Operator K10restore form view with Enable HashiCorp Vault set to False

../_images/dr_operator_passphrase.png

Operator K10restore form view with Enable HashiCorp Vault set to True

../_images/dr_operator_vault.png

Using the Restored Veeam Kasten in Place of the Original

The newly restored Veeam Kasten includes a safety mechanism to prevent it from performing critical background maintenance operations on backup data in storage. These operations are exclusive, meaning that there is only one Veeam Kasten instance should perform them one at a time. The DR-restored Veeam Kasten initially assumes that it does not have permission to perform these maintenance tasks.

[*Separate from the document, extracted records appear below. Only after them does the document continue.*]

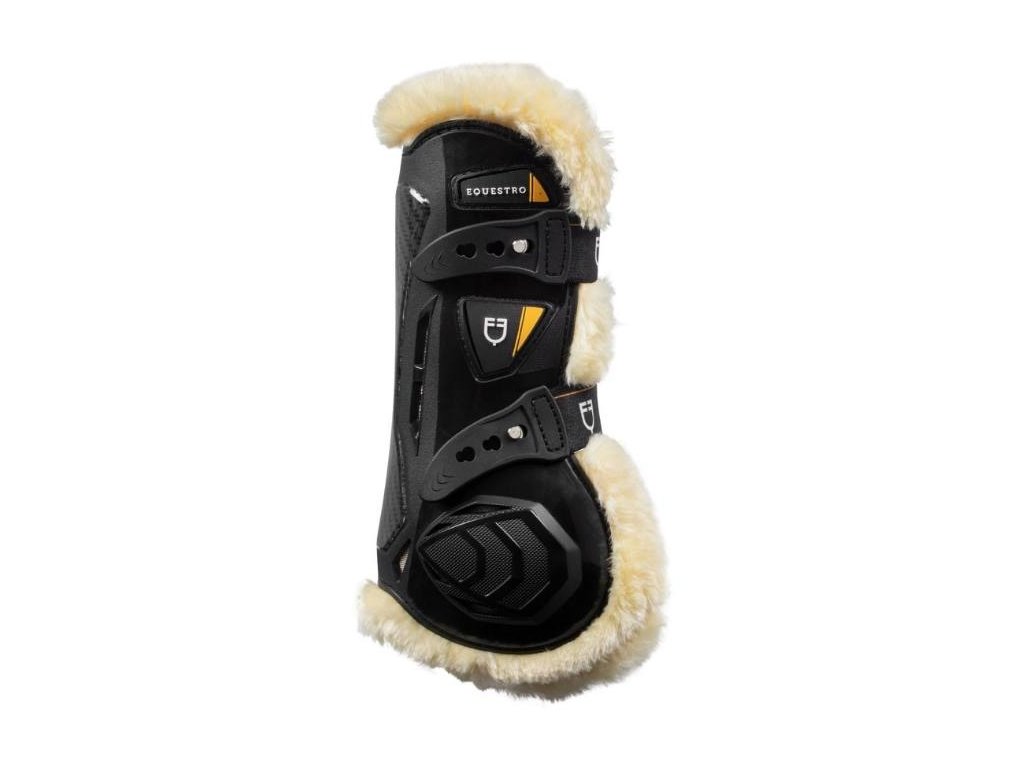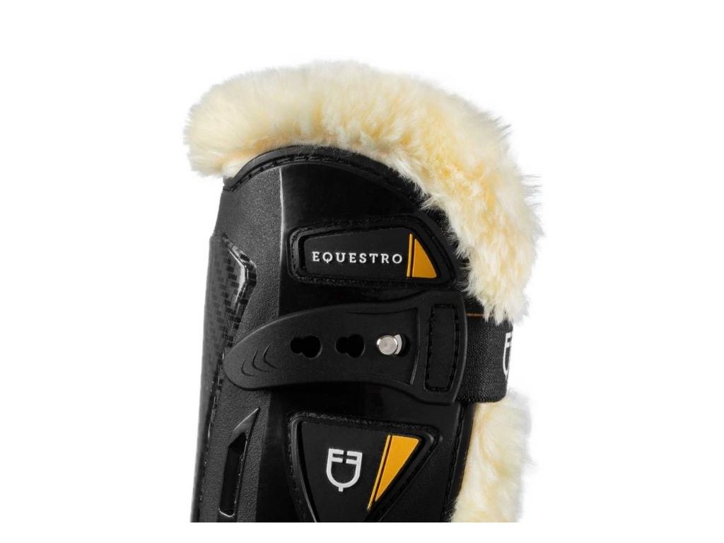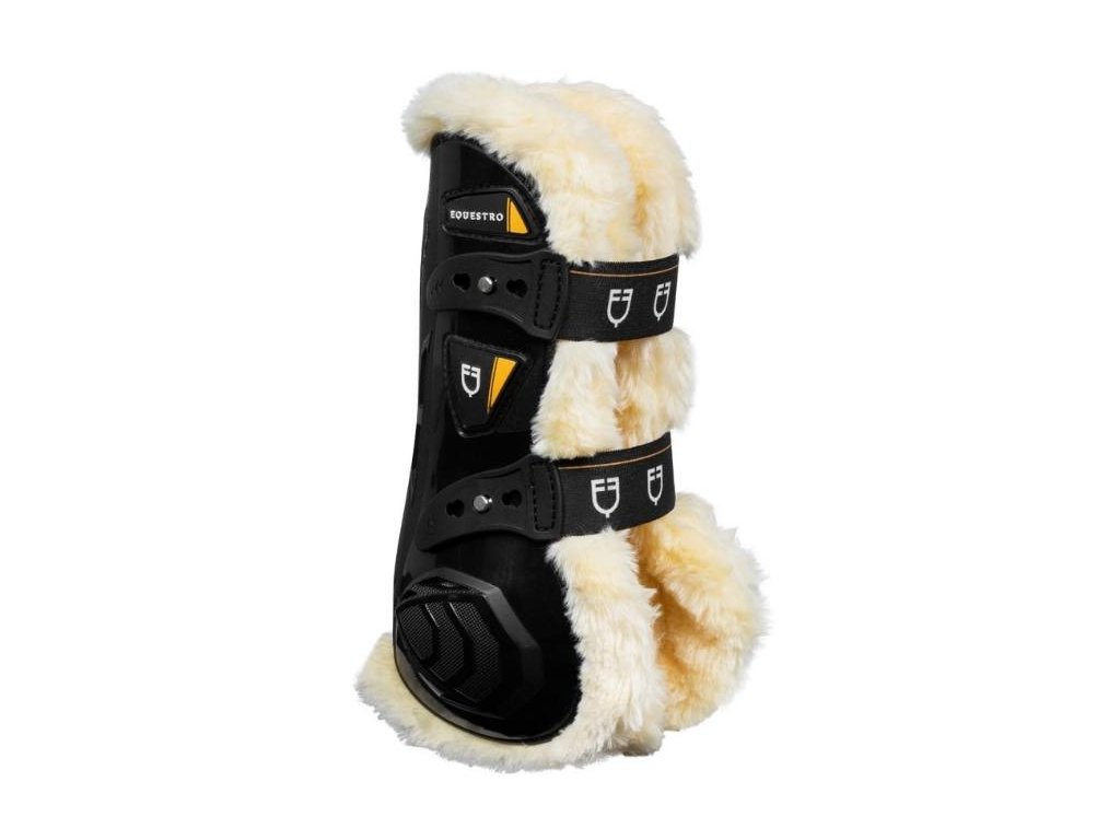 Šlachovky od výrobce Equestro jsou vyrobeny z lehké, ale pevné kombinace neoprenu a polyuretanu a ergonomicky tvarovány tak, aby perfektně přilnuly k anatomii koně, zajišťovaly maximální pohodlí a plnou volnost pohybu. Polstrování ze syntetického beránku je speciálně navrženo pro sportovní využití a podporuje optimální odvětrávání. Kamaše jsou vybaveny elastickými pásky s dvojitým rychloupínacím bezpečnostním zapínáním, snadno nastavitelným podle konkrétních potřeb.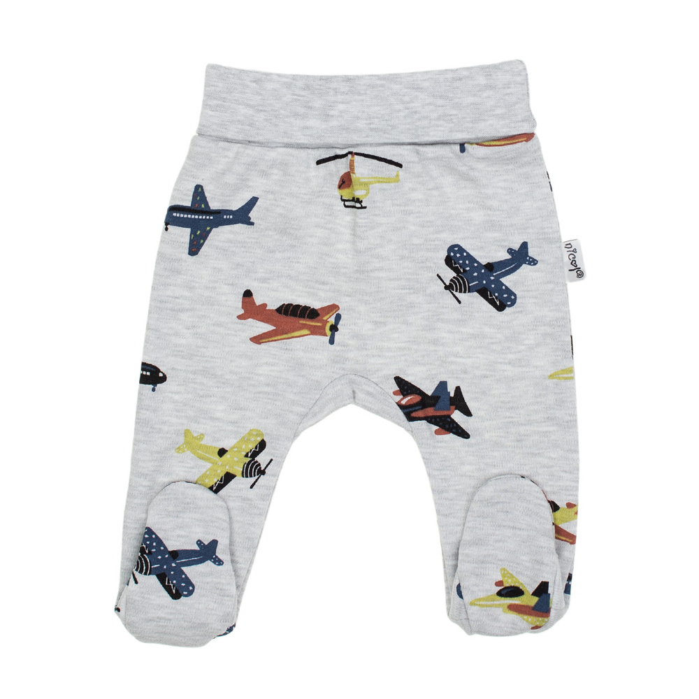 • Semidormitorio Nicol Willy in cotone grigio con stampa di aerei. Vita comoda, piedi coperti, taglie 56-68.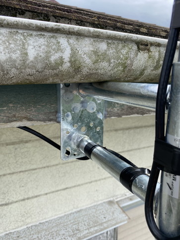 破風板の強度や電波状況を考慮して、屋根上設置をおすすめしましたが、お客様の強いご希望により、再度、破風板にサイドベースを使用して取り付けることとなりました。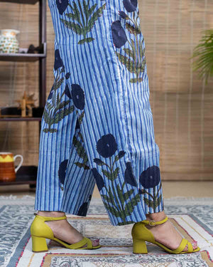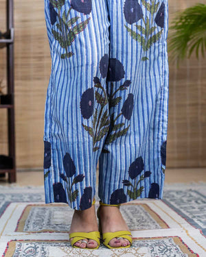 Mughal butta hand block print in pure cotton fabric. A palazzo with 2 side pockets. Comfortable & trendy. Elastic in the back, string to adjust in the front.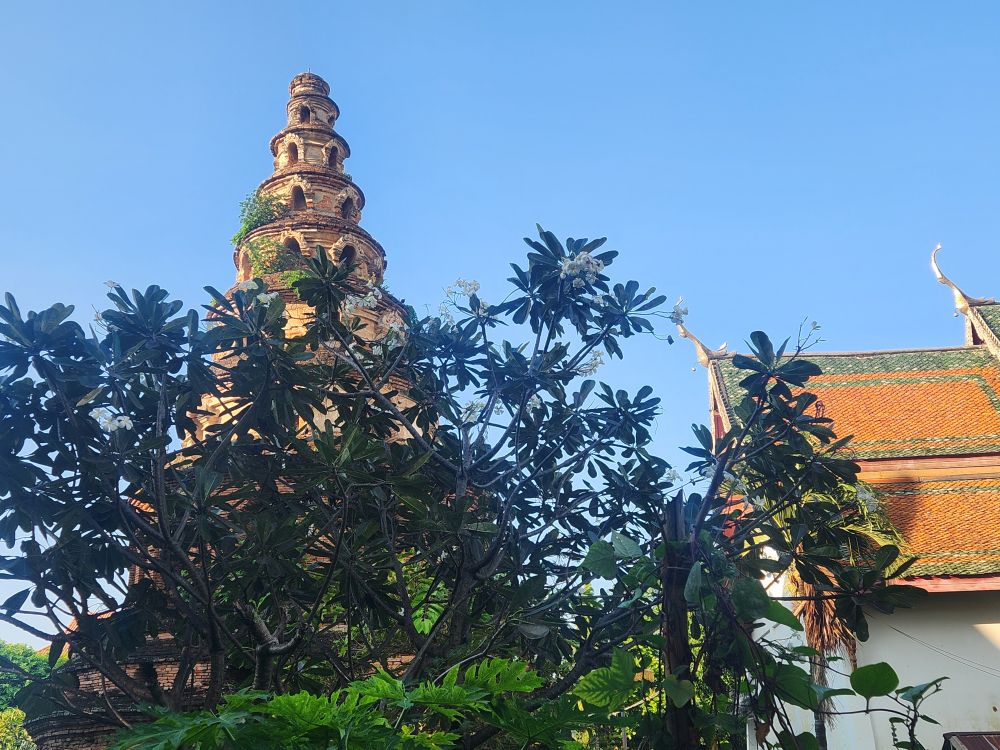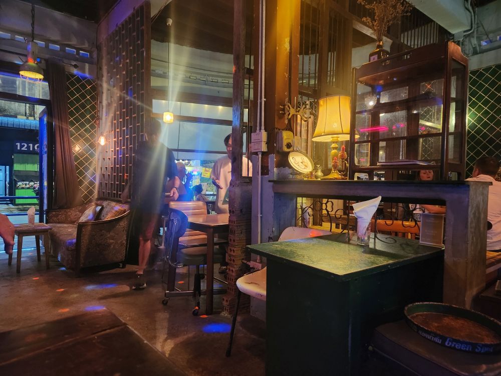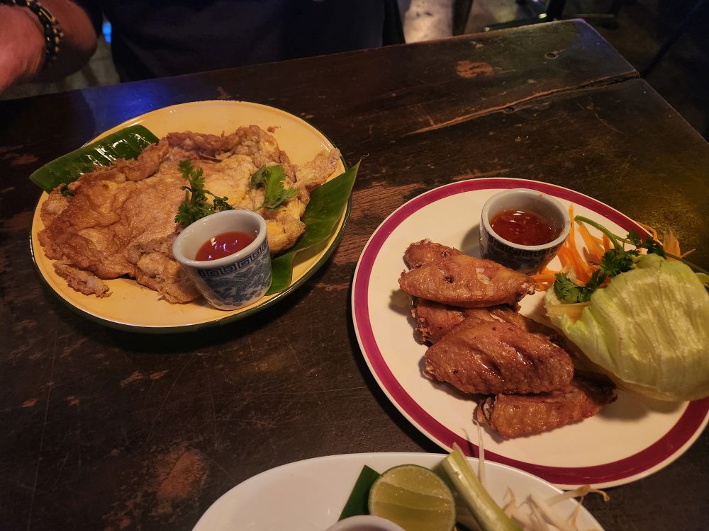 Pushing aside the branches, we head off for our normal morning routine, walking the park, coffee at Minimal, breakfasting back at the house on Jackfruit and oranges and toast. Then just sort of lolling away the day, organizing the suitcases and getting ready for our long travel tomorrow. Lunch is leftovers – have to empty out the fridge! Then later we decide to hit the corner bar, Chai, for dinner. They are actually a restaurant with a huge menu, we like the atmosphere, so why not? Pad Thai, a Thai omelet and chicken wings. It’s a nice last supper for our visit here.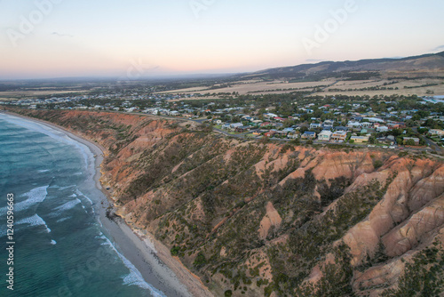 Aerial view of tranquil Sellicks Beach with scenic cliffs and waves, Fleurieu Peninsula, Australia.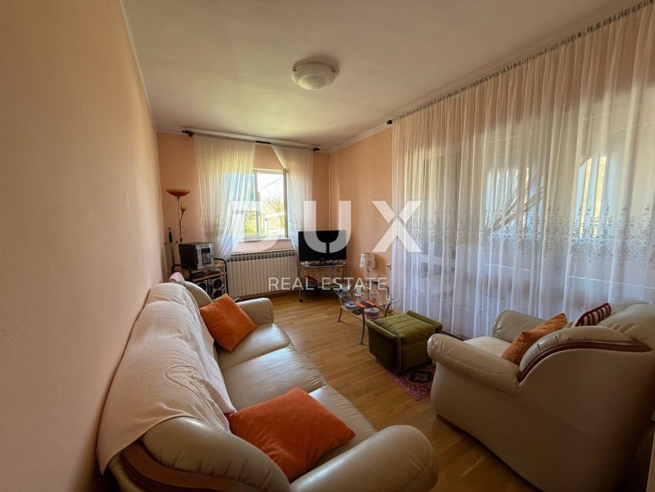 Prostran stan (140 m²) u novijem dijelu kuće, koji odiše svjetlošću i prostranošću sastoji se od ulaznog hodnika, dnevnog boravka, kuhinje, tri udobne spavaće sobe, kupaonice, dodatnim WC-om i ostavom, što osigurava maksimalnu praktičnost. Posebna prednost je prostrana terasa s koje se pruža pogled na zelenilo i okolicu.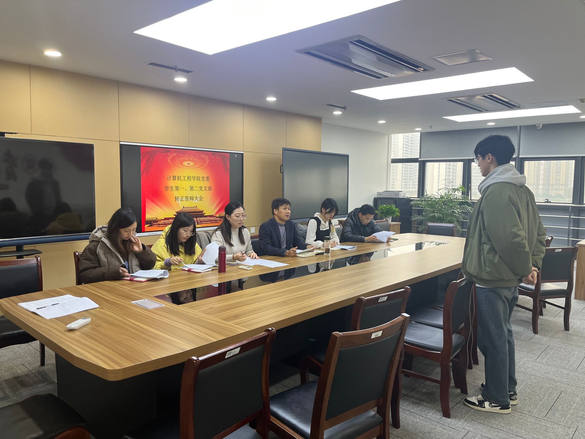党委学生第一、第二党支部在科技楼2-523室举行了预备党员转正答辩。会议由学生第一党支部书记周倩如老师主持,学院党委副书记张昊及全体辅导员老师共同参与答辩评审工作。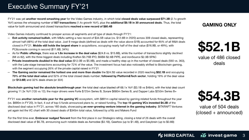 The first half of 2022 marked an unprecedented surge in gaming‑sector transactions, with 455 deals closed and a total value of $43.3 billion, rising to $113.6 billion when including announced but not yet finalized agreements. This activity set a new industry benchmark, reflecting heightened investor confidence and a broadening appetite for both mature and emerging gaming assets. Deal activity spanned the full spectrum of financing structures. Control‑oriented mergers and acquisitions dominated, while minority‑stake purchases, early‑stage venture capital, late‑stage venture capital, corporate strategic investments, IPOs and SPAC listings, fixed‑income instruments, and hybrid private‑public offerings each contributed to a diversified capital landscape. The data, compiled from public filings, market‑insight providers, and partner research, cover global markets and encompass all major video‑games subsectors, from console and PC titles to mobile and cloud‑based platforms. The analysis underscores that the record‑setting volume and value were driven not only by traditional M&A but also by an expanding ecosystem of venture and corporate funding, indicating a maturing market where both established publishers and nascent developers attract substantial capital. The report’s methodology emphasizes transparency and non‑advisory intent, positioning the findings as a reference point for industry participants rather than a basis for specific investment decisions. Access to the underlying deal tables and community insights is tiered across subscription levels, ranging from free access to comprehensive expert‑grade data, with sponsorship from Hiro Capital and Naavik noted as independent of the analytical conclusions.
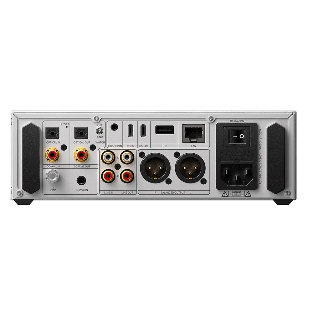 8 пленочных конденсаторов Panasonic + 32 smd резистора имеют низкий температурный перепад и низкий уровень шума, что обеспечивают стабильное качество звука как при высокой, так и при низкой температуре. Высококачественные твердотельные конденсаторы Beryl имеют сверхнизкое ЭПР, высокую защиту от помех, стабильное и чистое электропитание. 4 конденсатора ELNA MILLIC II, 4 конденсатора Nichicon audio-specific, 6 конденсаторов ELNA RA3 audio-specific обеспечивают высококачественный звук и великолепную звуковую сцена. 4 комплекта соединительных кабелей из бескислородной меди с серебряным покрытием. Аудиосигналы, передаваемые между различными внутренними платами, отличаются высоким качеством и минимальными потерями благодаря использованию проводов из бескислородной меди с серебряным покрытием. Позолоченные разъемы NEUTRIK в форме тюльпана, устойчивые к окислению и износу, обеспечивают точное и надежное соединение.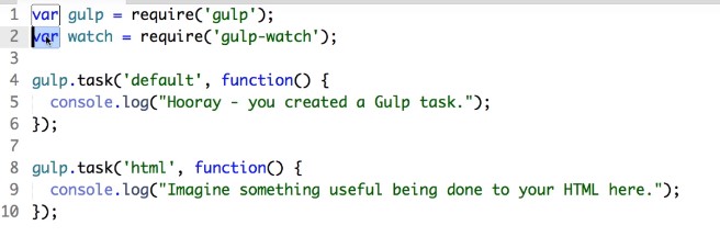 Now granted in real life you will probably do something more useful than just logging a bit of text to the command line but you get the idea. It’s very unlikely that you would only have one gulp task. So let’s practice creating another task. So gulp we want the task method to create a new task.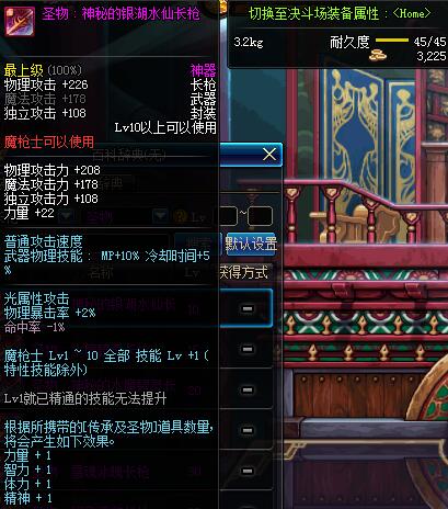 | 10 | 圣物 :神秘的银湖水仙长枪 | *Lv8~14普通地下城怪物掉落 |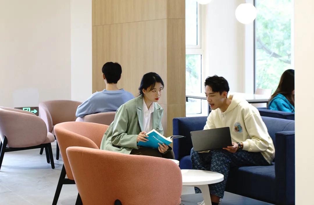 △ 在南客厅这个复合型空间里,学生们可以学习、会客、休闲、组织节事活动等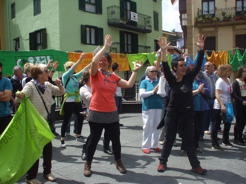 Oihalen bueltan elkartu dira asteburuan Lea-Artibai eta Mutrikuko bizilagunak. Apirilaren 25a Joste Eguna izendatu zuen Gure Esku Dagok, eta ekainaren 21ean herrialdeetako hiriburuetan osatuko diren hautestontziak egiteko erabiliko diren oihalak josten aritu ziren, jai giroan.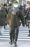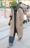 オーバーサイズのミリタリーアウターにマフラーをぐるぐる巻きつ...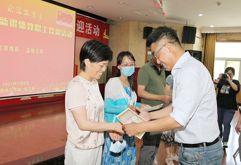 校工会、教职工退休前所在单位负责人,退休管理小组组长分别为新退休教职工颁发荣休证书、赠送单位精心准备的《感谢信》和迎新礼物。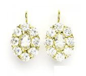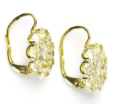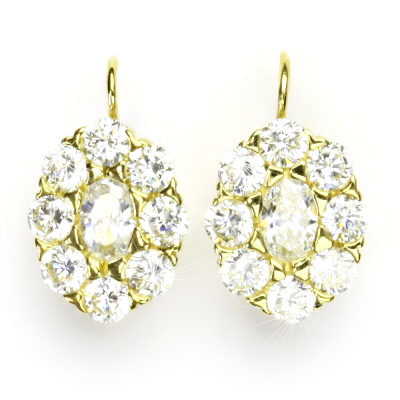 Náušnice ze žlutého zlata jsou zdobeny čirými zirkony. Materiál je zlato 585/1000. Orientační váha náušnic je 5,91 g. Celková výška náušnice je 18 mm. Šířka náušnice je 12 mm. Náušnice mají zapínání na klapku.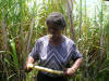 innards of the stalk, then spit the fibers out. The juice is pure cane.

This assumption is made in case the original source, Veeam Kasten, is still running, especially during scenarios like testing the DR restore procedure in a secondary test cluster while the primary production Veeam Kasten is still active.

If no other Veeam Kasten instances are accessing the same sets of backup data (i.e., the original Veeam Kasten has been uninstalled and only the new DR-restored Veeam Kasten remains), it can be signaled that the new Veeam Kasten is now eligible to take over the maintenance duties by deleting the following resource:

# Delete the k10-dr-remove-to-get-ownership configmap in the Kasten namespace.
$ kubectl delete configmap --namespace=kasten-io k10-dr-remove-to-get-ownership

Warning

It is critical that you delete this resource only when you are prepared to make the permanent cutover to the new DR-restored Veeam Kasten instance. Running multiple Veeam Kasten instances simultaneously, each assuming ownership, can corrupt backup data.